From the user perspective, the write is now atomic. If a job is cancelled or power is lost prior to the commit, the state of the intended destination is completely unchanged and all previous work can simply be forgotten and cleaned by function call. After the commit, all work done does not alter the state of the destination file and the function is therefore, by definition, atomic. This gives us a way to implement something which satisfies the Eggert Assumption

Journalling

The general idea of journalling is to create a record of each change that is made to the system. Therefore, when recovering from something such as power loss all current changes can be recreated or reverted. This can be implemented by the creation of two data structures: the "cell block" where each cell represents the changes made to a memory block and the journal where changes are logged. By following this procedure...

Append a begin entry to the journal and mark changes to be made in reference to cell block
Append a commit entry to the journal and write the changes to disk
Append a complete entry to journal once write completes

recovering from a reboot becomes as simple as reading through the journal from left to right and verifying whether the changes have been completed or not.

Hybrid System

With journalling, writes are fast but reading is slow as there is constant loading of cell blocks from memory.
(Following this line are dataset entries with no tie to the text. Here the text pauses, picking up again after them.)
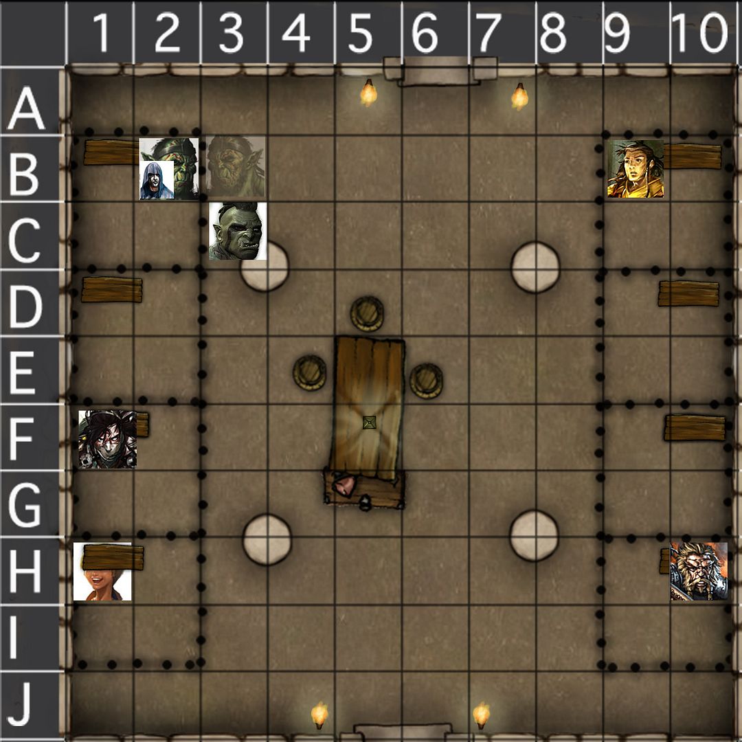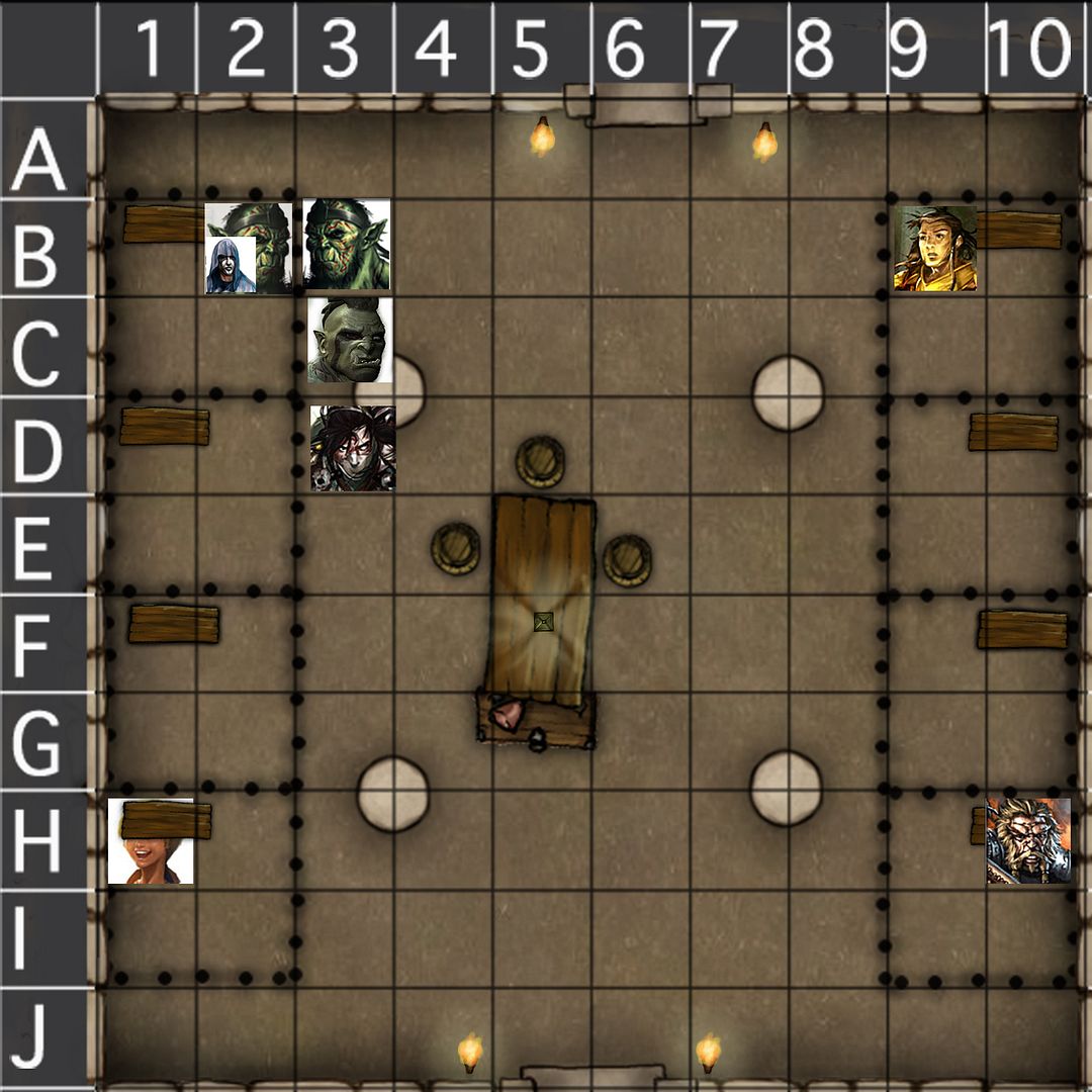 You hear muffled voices outside the door, then the creak of the bar. The door opens "Prisoners givin you troub-" A duergar stands there stunned for a moment before drawing his short sword. He scans the room, then starts to backpedal out of the room. (ends turn one square south of (J,6)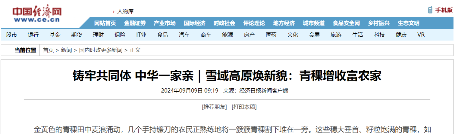 近日,记者跟随“铸牢共同体中华一家亲”主题宣传“雪域高原焕新貌”调研采访团来到四川省阿坝县青稞现代农业园区,探访一穗青稞中蕴藏的增收密码。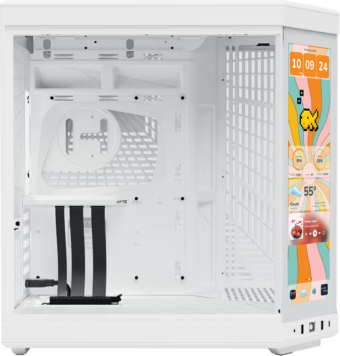המארז מגיע עם מסך מגע מסוג IPS המספק חוויית צפייה חדה במיוחד וחלקה להפליא, עם יכולת מגע מרובת נקודות, המאפשרת מגוון אפשרויות והתאמה אישית באמצעות תוכנת HYTE Nexus. הפאנל החדש מהדור השלישי גדול יותר ובהיר יותר, עם תצוגה של 14.9 אינץ' ובהירות גבוהה יותר ב-43% לחוויית משתמש סוחפת במיוחד. כל זה במארז משולב הפורץ דרך באינטראקציה דיגיטלית עם התצוגה הטובה ביותר שנראתה אי פעם במארז מחשב.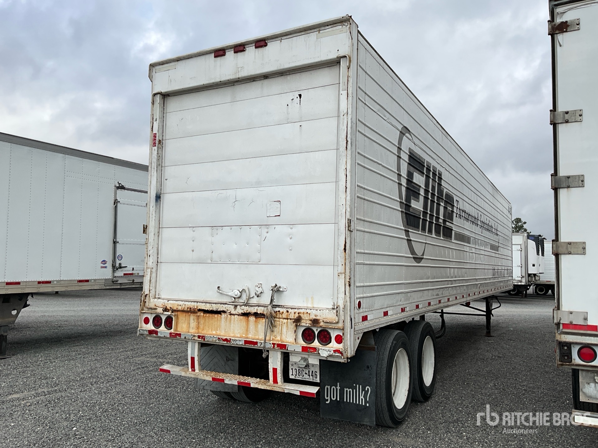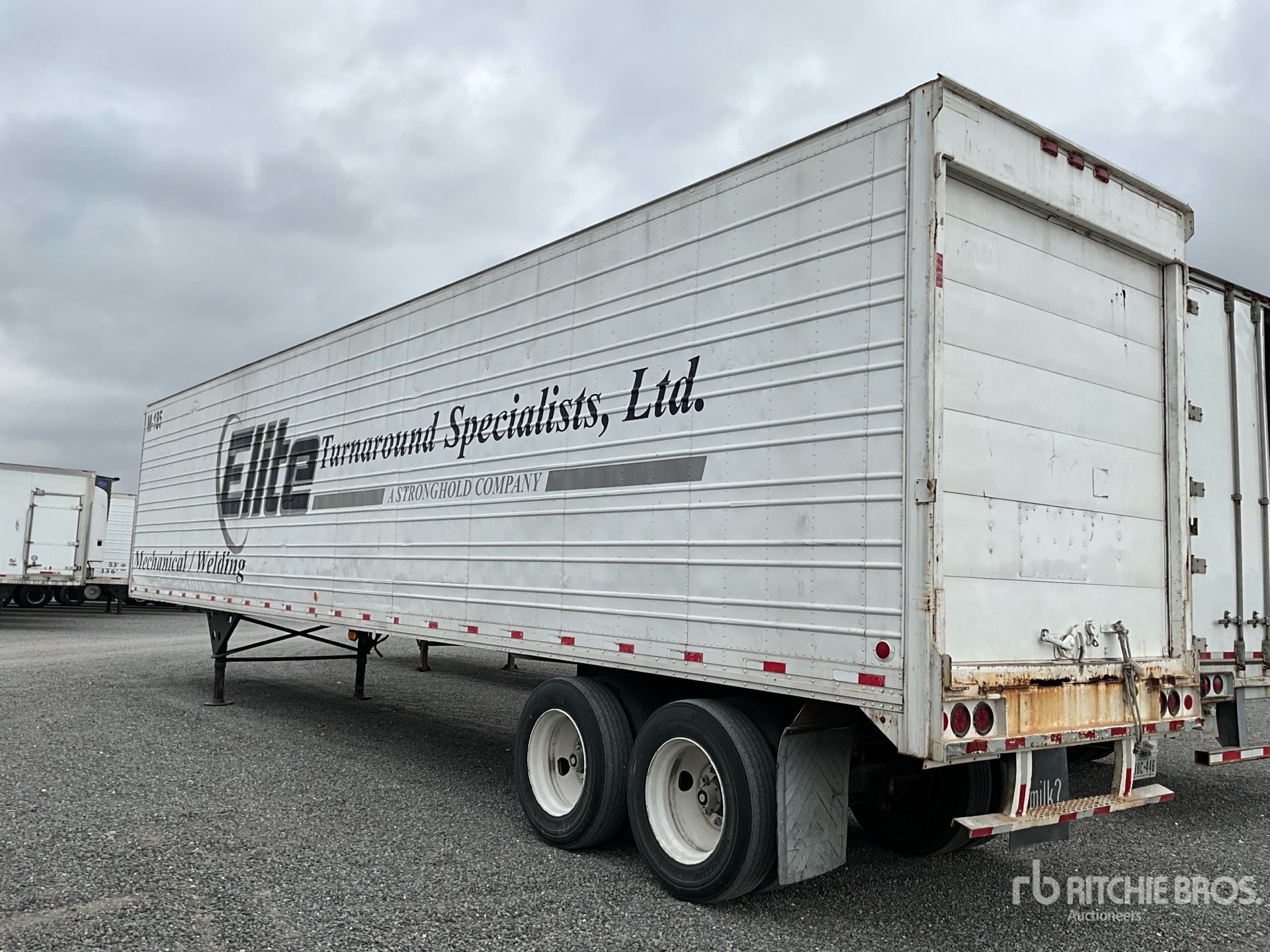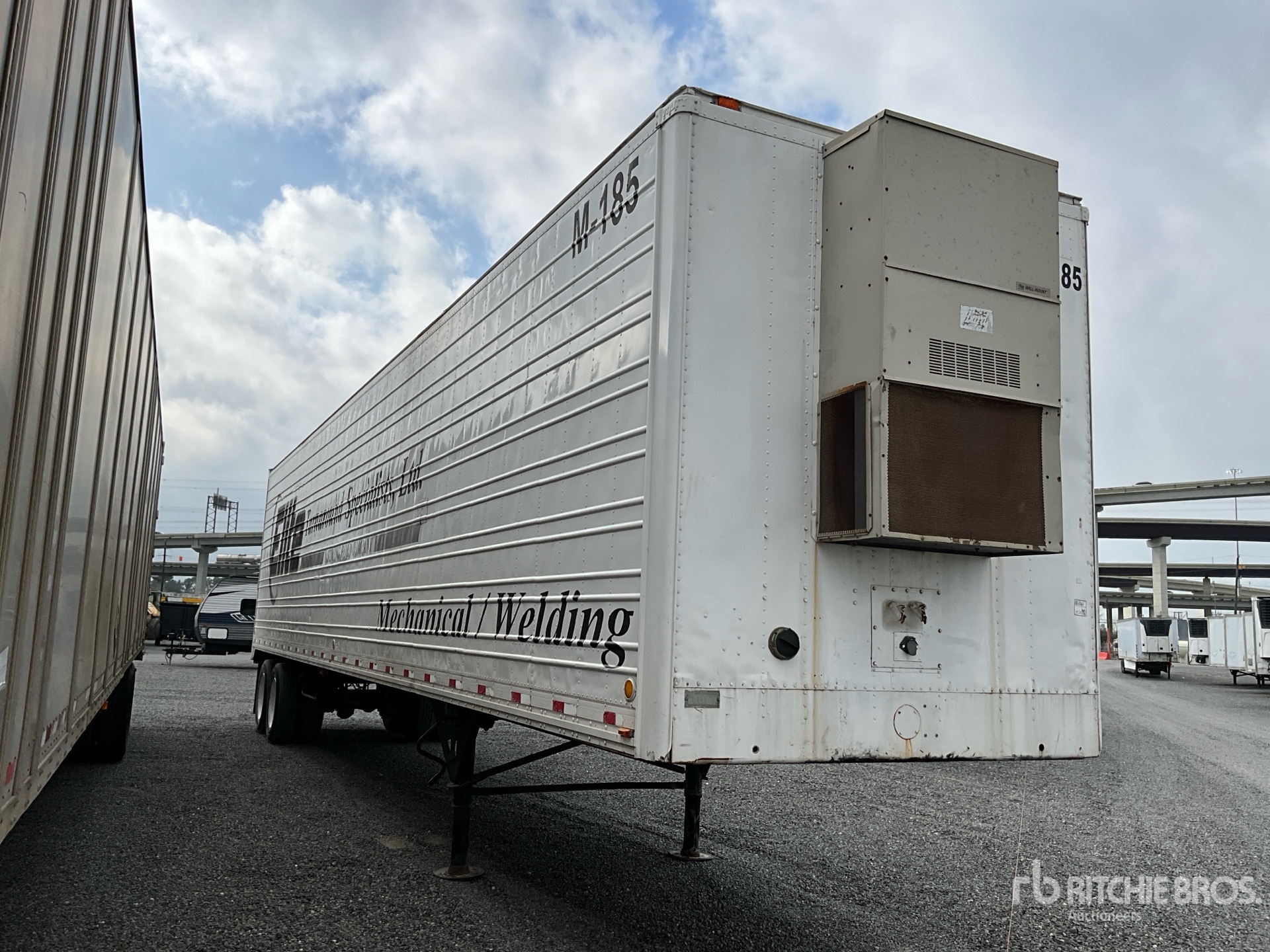 Spring Suspension, Aluminum Floor, Roll-Up Door, 285/75R24.4 Tires, 65000 lb GVWR, Metal shelves and racks. A/C unit (not operationally checked).

A solution to this would be to load the cell block into RAM, but as it is implemented it is much to large. Therefore, only commonly used cells are loaded into RAM at any given time. This turns out to be a very effective system and, combined with atomic writes, solves the six enumerated problems!

This idea is implemented in production systems following one of two protocols. Write-ahead protocol logs all planned changed and then marks them done after their implementation is complete. This log may then be read from left to right in order to recover upon a reboot. In contrast, Write-behind protocol logs old data that is about to be overwritten and then logs a complete event after the write finishes. This results in a log which is read from right to left on reboot. Of the two, write-behind tends to be the faster in recovering a lost state as it does not need to verify as many entries as write-ahead.